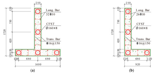 Each wall pier was characterized by a T or L-sectional shape. For the prototype structure, the wall thickness was uniformly 240 mm, irrespective of the wall shape. Two curtains of steel bars were used to reinforce these walls, while CFSTs were arranged in them to serve as strengthening elements. Grade C30 concrete was used to cast both the slabs and walls, while C40 concrete was applied to fill the CFSTs.
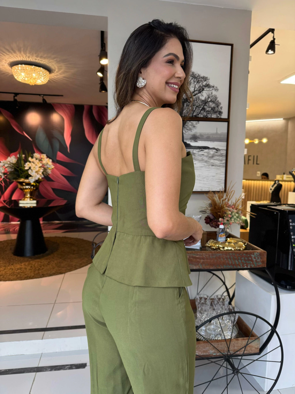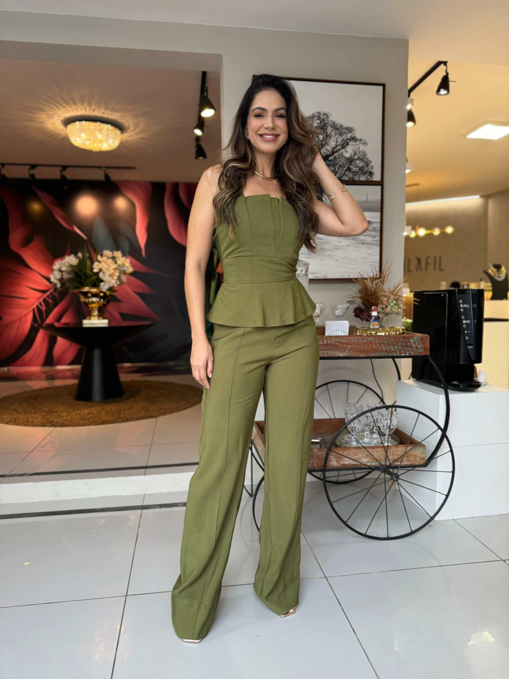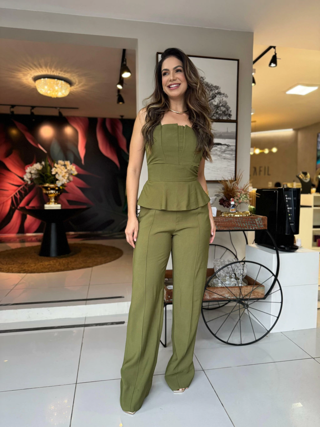 Macacão pantalona composto por blusa de decote tomara que caia com aplicação de alças, detalhes de dobraduras frontais e barra em peplum, que valoriza a cintura com leve volume.
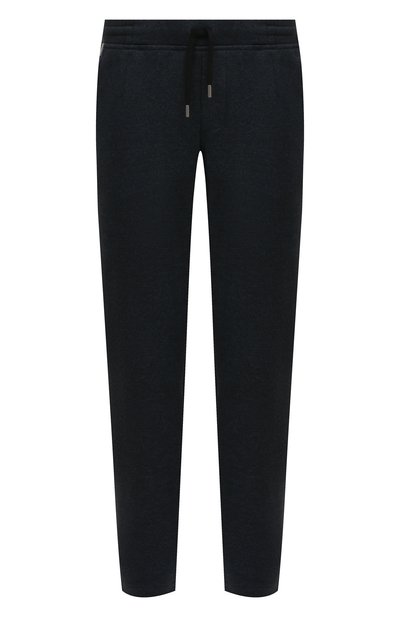 Брюки приглушенного темно-синего оттенка получились максимально комфортными. За это отвечают заниженная линия шага, не сковывающая движения, и широкий пояс-кулиска, который не впивается в тело. Удобной модель делает и дышащий хлопковый материал с добавлением прочных шерстяных нитей.
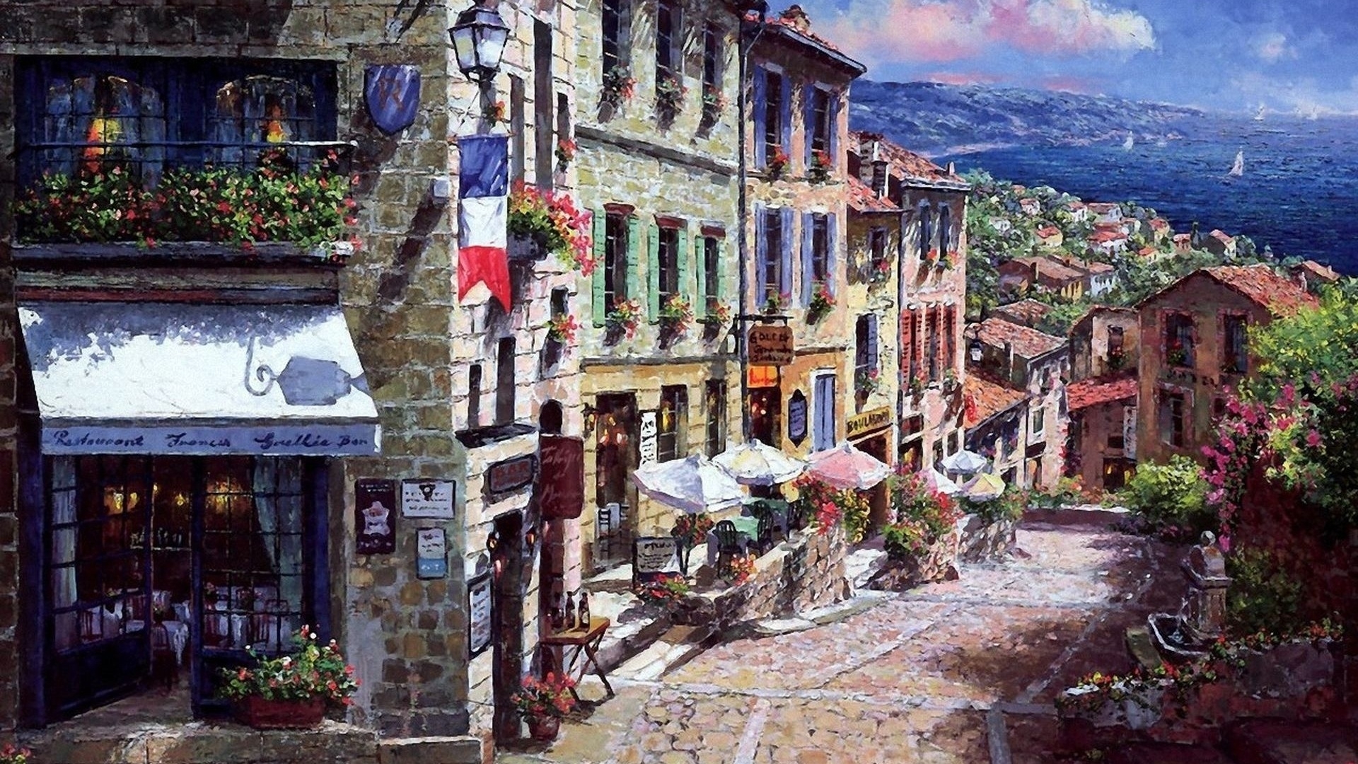 1 张 高清晰油画老镇餐厅壁纸

* Task goal:
From the line containing "Брюки приглушенного темно-синего" through the final line of the listing above, reproduce every line exactly, with no pictures.

* Exercise response:
 Брюки приглушенного темно-синего оттенка получились максимально комфортными. За это отвечают заниженная линия шага, не сковывающая движения, и широкий пояс-кулиска, который не впивается в тело. Удобной модель делает и дышащий хлопковый материал с добавлением прочных шерстяных нитей.
 1 张 高清晰油画老镇餐厅壁纸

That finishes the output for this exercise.